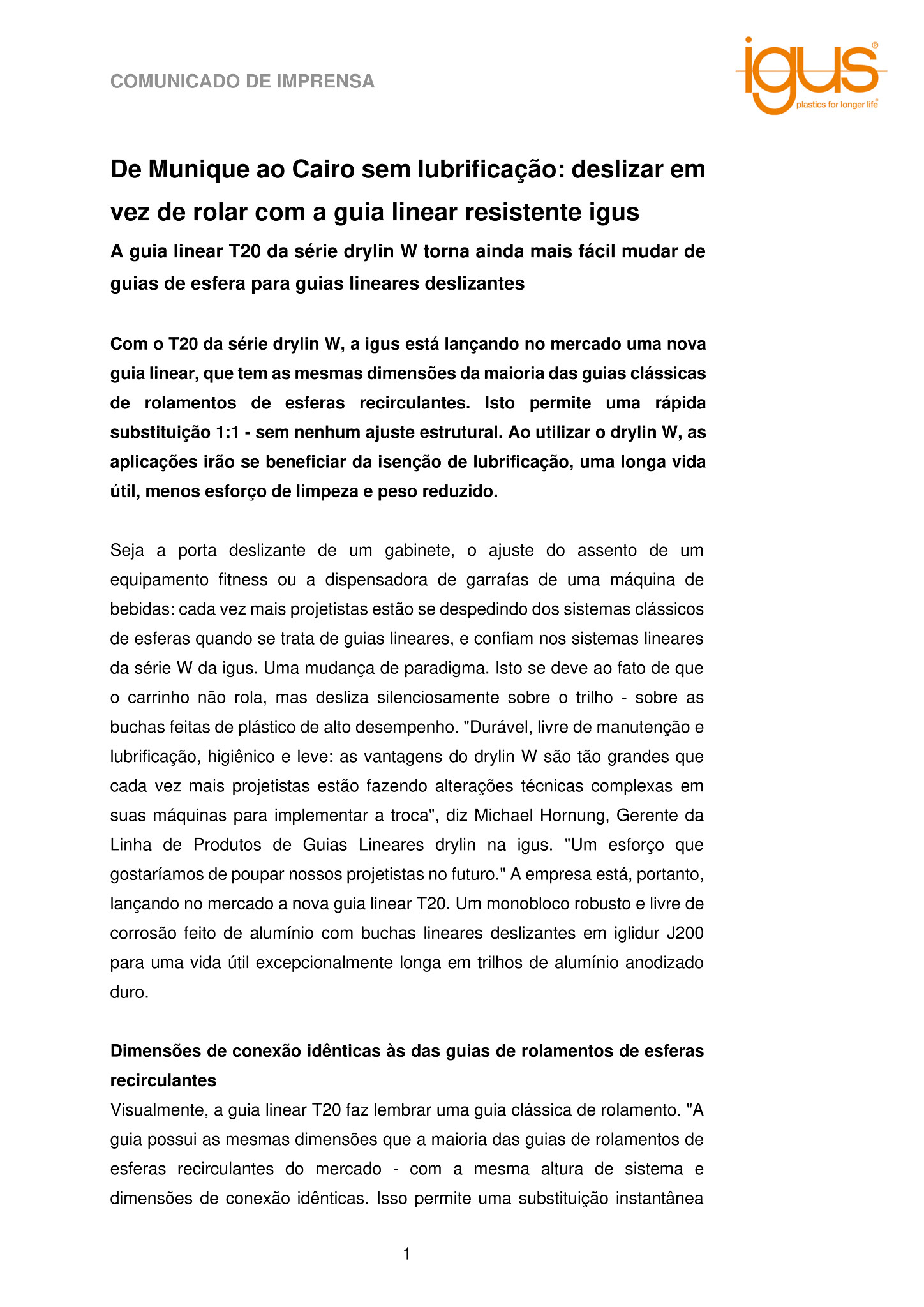 Com o T20 da série drylin W, a igus está lançando no mercado uma nova guia linear, que tem as mesmas dimensões da maioria das guias clássicas de rolamentos de esferas recirculantes. Isto permite uma rápida substituição 1:1 – sem nenhum ajuste estrutural. Ao utilizar o drylin W, as aplicações irão se beneficiar da isenção de lubrificação, uma longa vida útil, menos esforço de limpeza e peso reduzido.
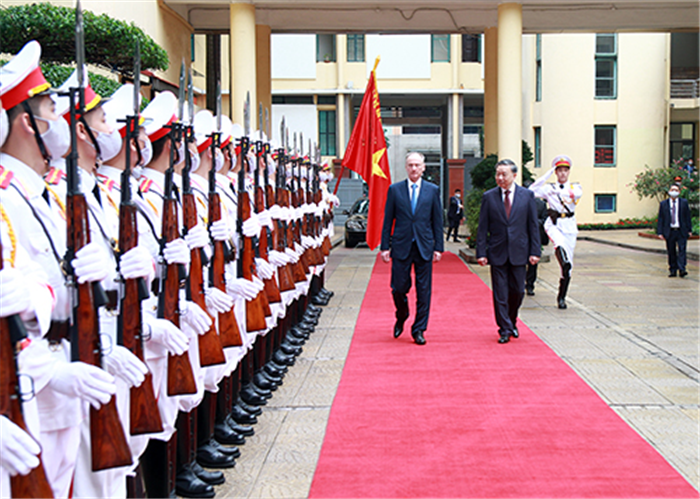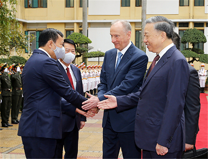 Sáng 16/3 tại Hà Nội, Bộ trưởng Tô Lâm đã chủ trì Lễ đón chính thức Đoàn đại biểu cấp cao Hội đồng An ninh Liên bang Nga. Ngay sau đó, Bộ trưởng Tô Lâm dẫn đầu Đoàn đại biểu cấp cao Bộ Công an Việt Nam và Đại tướng Patrushev Nikolai Platonovich dẫn đầu Đoàn đại biểu cấp cao Hội đồng An ninh Liên bang Nga tổ chức Hội đàm.
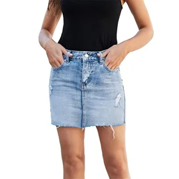 VIPONES Women Denim Skirt High Waist Raw Hem Stretch Ripped Casual Mini Jean Skirts(201,4)
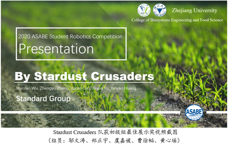 在2020美国农业与生物工程师协会(American Society of Agricultural & BiologicalEngineers, ASABE)年会第十四届国际大学生机器人设计竞赛(ASABE Robotics Competition)上,bat365正版唯一官网农业工程专业的四支本科生队伍分别获得本届国际竞赛的标准组(Standard Division)和高级组(Advanced Division)总体最佳奖(Best Overall)和最佳展示奖(Best Electronic Presentation)。
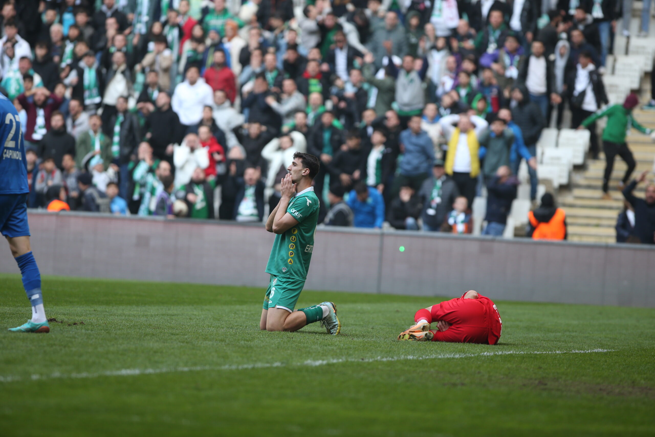Sakatlık nedeniyle 3 değişiklik yapmak zorunda kalan Bursaspor’un 76. dakikada Ömer Turan’ın ceza sahası içinde tekmeyle yere indirilmesiyle buz gibi penaltısını es geçen hakem Erdem Temel 61 yıllık Koca Çınar’ın kaderiyle oynadı.
____
All that is needed is an exact copy of the lines from the line with "VIPONES Women Denim" through the end of the listing, both ends included, with no pictures.

■ **Exercise response**
 VIPONES Women Denim Skirt High Waist Raw Hem Stretch Ripped Casual Mini Jean Skirts(201,4)
 在2020美国农业与生物工程师协会(American Society of Agricultural & BiologicalEngineers, ASABE)年会第十四届国际大学生机器人设计竞赛(ASABE Robotics Competition)上,bat365正版唯一官网农业工程专业的四支本科生队伍分别获得本届国际竞赛的标准组(Standard Division)和高级组(Advanced Division)总体最佳奖(Best Overall)和最佳展示奖(Best Electronic Presentation)。
Sakatlık nedeniyle 3 değişiklik yapmak zorunda kalan Bursaspor’un 76. dakikada Ömer Turan’ın ceza sahası içinde tekmeyle yere indirilmesiyle buz gibi penaltısını es geçen hakem Erdem Temel 61 yıllık Koca Çınar’ın kaderiyle oynadı.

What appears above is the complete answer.